* _WORK INSTRUCTIONS_
Find "Silver sports car" below and begin at its line; stop after the line with "Bladeless Desk Fanthis". Output those lines exactly, without pictures.

* _DATA SUPPLIED_

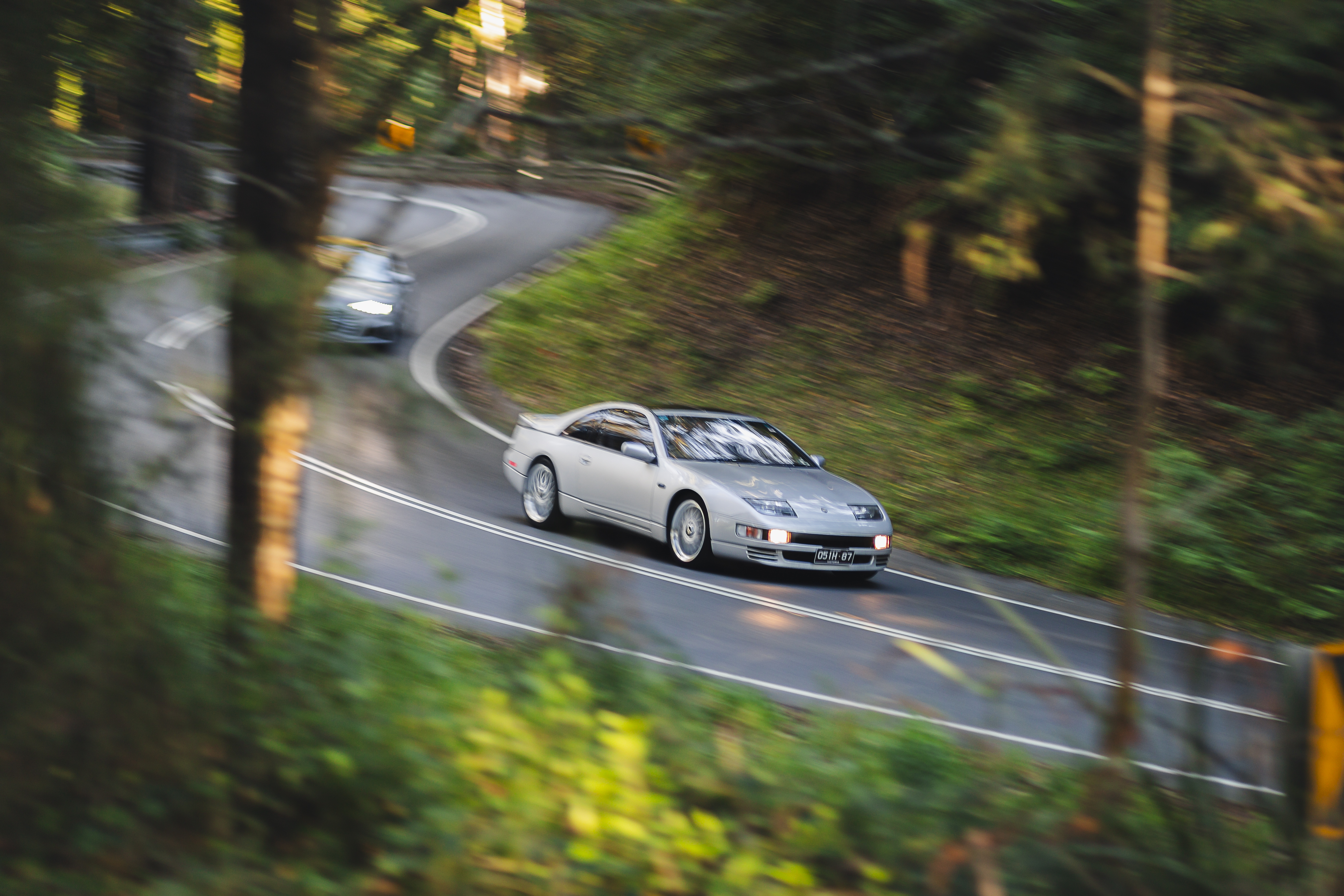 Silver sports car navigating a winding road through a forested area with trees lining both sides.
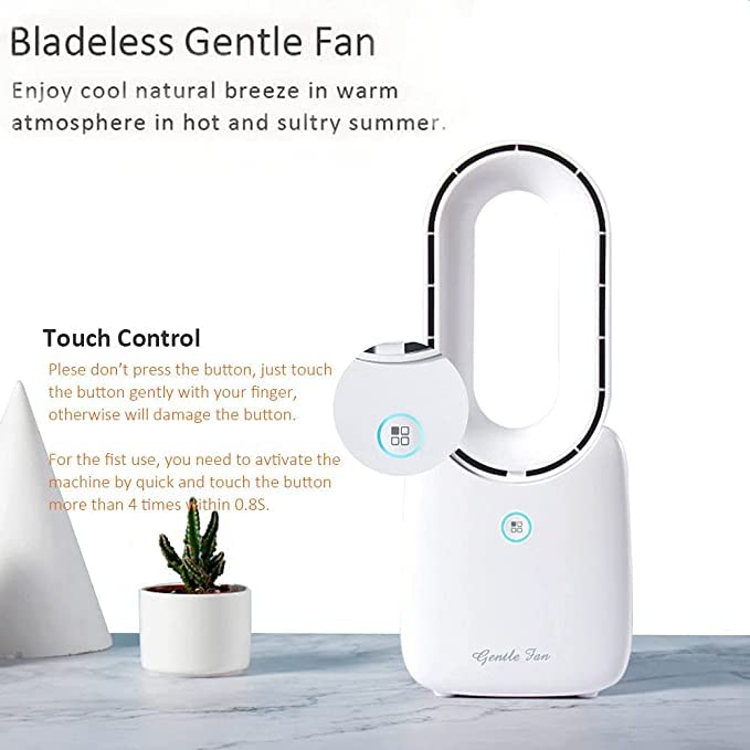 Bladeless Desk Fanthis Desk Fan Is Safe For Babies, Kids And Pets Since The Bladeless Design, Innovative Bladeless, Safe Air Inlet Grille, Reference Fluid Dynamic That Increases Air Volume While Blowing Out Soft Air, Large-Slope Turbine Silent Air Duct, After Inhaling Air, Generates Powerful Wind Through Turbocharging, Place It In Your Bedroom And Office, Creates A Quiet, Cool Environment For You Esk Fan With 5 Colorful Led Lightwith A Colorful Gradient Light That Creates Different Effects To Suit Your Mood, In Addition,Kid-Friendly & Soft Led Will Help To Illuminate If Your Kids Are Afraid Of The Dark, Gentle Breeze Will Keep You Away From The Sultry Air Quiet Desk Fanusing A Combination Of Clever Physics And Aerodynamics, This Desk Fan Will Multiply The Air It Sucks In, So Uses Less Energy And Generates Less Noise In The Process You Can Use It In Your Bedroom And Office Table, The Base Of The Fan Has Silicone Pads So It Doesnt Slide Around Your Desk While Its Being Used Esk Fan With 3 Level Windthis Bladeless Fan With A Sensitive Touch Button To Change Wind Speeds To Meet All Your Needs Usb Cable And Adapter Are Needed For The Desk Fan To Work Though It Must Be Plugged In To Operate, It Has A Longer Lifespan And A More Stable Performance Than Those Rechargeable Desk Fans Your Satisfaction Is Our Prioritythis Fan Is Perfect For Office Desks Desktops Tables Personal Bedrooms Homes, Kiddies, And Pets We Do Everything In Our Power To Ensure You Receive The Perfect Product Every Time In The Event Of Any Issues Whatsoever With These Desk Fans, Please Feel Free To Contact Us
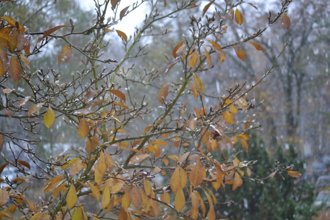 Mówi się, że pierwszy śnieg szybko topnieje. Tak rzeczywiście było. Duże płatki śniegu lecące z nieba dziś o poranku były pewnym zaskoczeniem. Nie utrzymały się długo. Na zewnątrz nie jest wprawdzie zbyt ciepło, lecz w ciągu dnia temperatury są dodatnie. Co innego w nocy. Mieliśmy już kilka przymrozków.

==

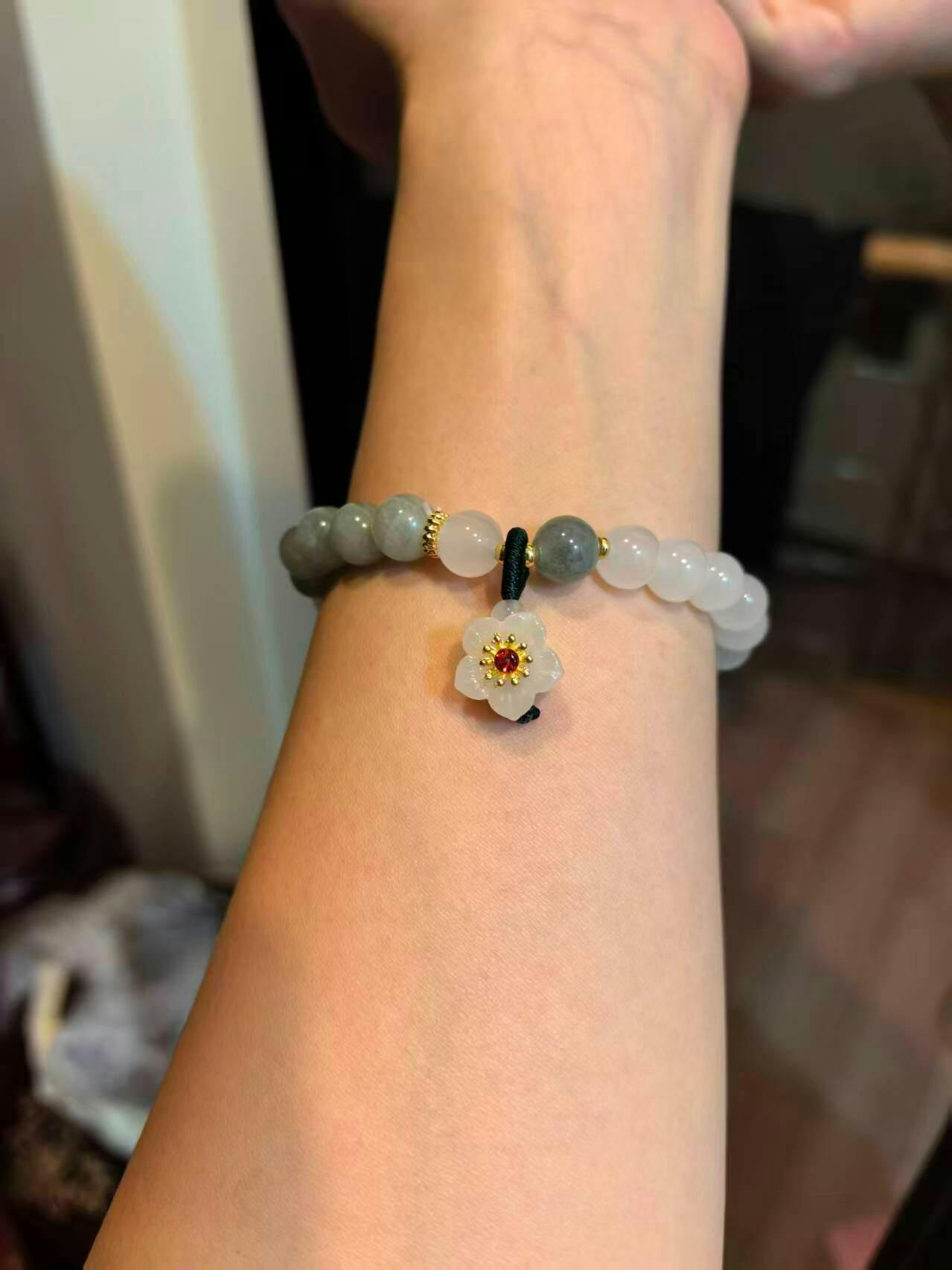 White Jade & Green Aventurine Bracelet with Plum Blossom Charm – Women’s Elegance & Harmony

* _SOLUTION TO THIS TASK_
 Silver sports car navigating a winding road through a forested area with trees lining both sides.
 Bladeless Desk Fanthis Desk Fan Is Safe For Babies, Kids And Pets Since The Bladeless Design, Innovative Bladeless, Safe Air Inlet Grille, Reference Fluid Dynamic That Increases Air Volume While Blowing Out Soft Air, Large-Slope Turbine Silent Air Duct, After Inhaling Air, Generates Powerful Wind Through Turbocharging, Place It In Your Bedroom And Office, Creates A Quiet, Cool Environment For You Esk Fan With 5 Colorful Led Lightwith A Colorful Gradient Light That Creates Different Effects To Suit Your Mood, In Addition,Kid-Friendly & Soft Led Will Help To Illuminate If Your Kids Are Afraid Of The Dark, Gentle Breeze Will Keep You Away From The Sultry Air Quiet Desk Fanusing A Combination Of Clever Physics And Aerodynamics, This Desk Fan Will Multiply The Air It Sucks In, So Uses Less Energy And Generates Less Noise In The Process You Can Use It In Your Bedroom And Office Table, The Base Of The Fan Has Silicone Pads So It Doesnt Slide Around Your Desk While Its Being Used Esk Fan With 3 Level Windthis Bladeless Fan With A Sensitive Touch Button To Change Wind Speeds To Meet All Your Needs Usb Cable And Adapter Are Needed For The Desk Fan To Work Though It Must Be Plugged In To Operate, It Has A Longer Lifespan And A More Stable Performance Than Those Rechargeable Desk Fans Your Satisfaction Is Our Prioritythis Fan Is Perfect For Office Desks Desktops Tables Personal Bedrooms Homes, Kiddies, And Pets We Do Everything In Our Power To Ensure You Receive The Perfect Product Every Time In The Event Of Any Issues Whatsoever With These Desk Fans, Please Feel Free To Contact Us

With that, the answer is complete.